AIM OF THE TASK: For each entry below, copy the text exactly and leave out any picture.

RECORDS FOR THIS EXERCISE:
────

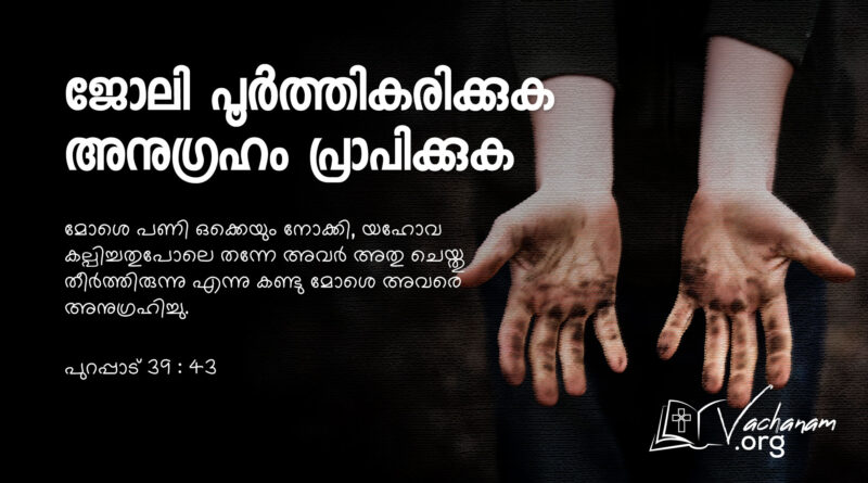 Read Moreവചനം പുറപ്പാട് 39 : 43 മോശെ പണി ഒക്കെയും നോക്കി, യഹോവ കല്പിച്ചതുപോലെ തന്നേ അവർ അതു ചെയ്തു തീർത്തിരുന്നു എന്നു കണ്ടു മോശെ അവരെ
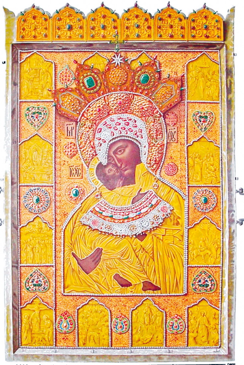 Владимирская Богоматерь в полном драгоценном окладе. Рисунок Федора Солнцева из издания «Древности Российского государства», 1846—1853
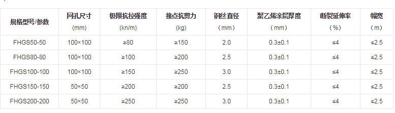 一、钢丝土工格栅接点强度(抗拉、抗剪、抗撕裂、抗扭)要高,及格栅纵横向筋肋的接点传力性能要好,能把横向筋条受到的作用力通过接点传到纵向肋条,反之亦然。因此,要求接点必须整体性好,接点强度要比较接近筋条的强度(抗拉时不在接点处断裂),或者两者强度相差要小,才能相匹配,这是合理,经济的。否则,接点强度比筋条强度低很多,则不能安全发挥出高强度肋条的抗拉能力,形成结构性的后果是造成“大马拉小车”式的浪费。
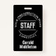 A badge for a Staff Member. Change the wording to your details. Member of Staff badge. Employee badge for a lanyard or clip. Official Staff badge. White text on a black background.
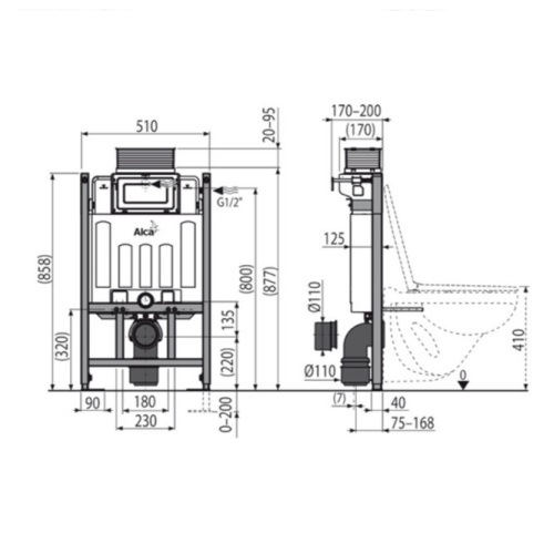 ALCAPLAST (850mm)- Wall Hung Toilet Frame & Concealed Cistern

────

ANSWER SECTION:
 Read Moreവചനം പുറപ്പാട് 39 : 43 മോശെ പണി ഒക്കെയും നോക്കി, യഹോവ കല്പിച്ചതുപോലെ തന്നേ അവർ അതു ചെയ്തു തീർത്തിരുന്നു എന്നു കണ്ടു മോശെ അവരെ
 Владимирская Богоматерь в полном драгоценном окладе. Рисунок Федора Солнцева из издания «Древности Российского государства», 1846—1853
 一、钢丝土工格栅接点强度(抗拉、抗剪、抗撕裂、抗扭)要高,及格栅纵横向筋肋的接点传力性能要好,能把横向筋条受到的作用力通过接点传到纵向肋条,反之亦然。因此,要求接点必须整体性好,接点强度要比较接近筋条的强度(抗拉时不在接点处断裂),或者两者强度相差要小,才能相匹配,这是合理,经济的。否则,接点强度比筋条强度低很多,则不能安全发挥出高强度肋条的抗拉能力,形成结构性的后果是造成“大马拉小车”式的浪费。
 A badge for a Staff Member. Change the wording to your details. Member of Staff badge. Employee badge for a lanyard or clip. Official Staff badge. White text on a black background.
 ALCAPLAST (850mm)- Wall Hung Toilet Frame & Concealed Cistern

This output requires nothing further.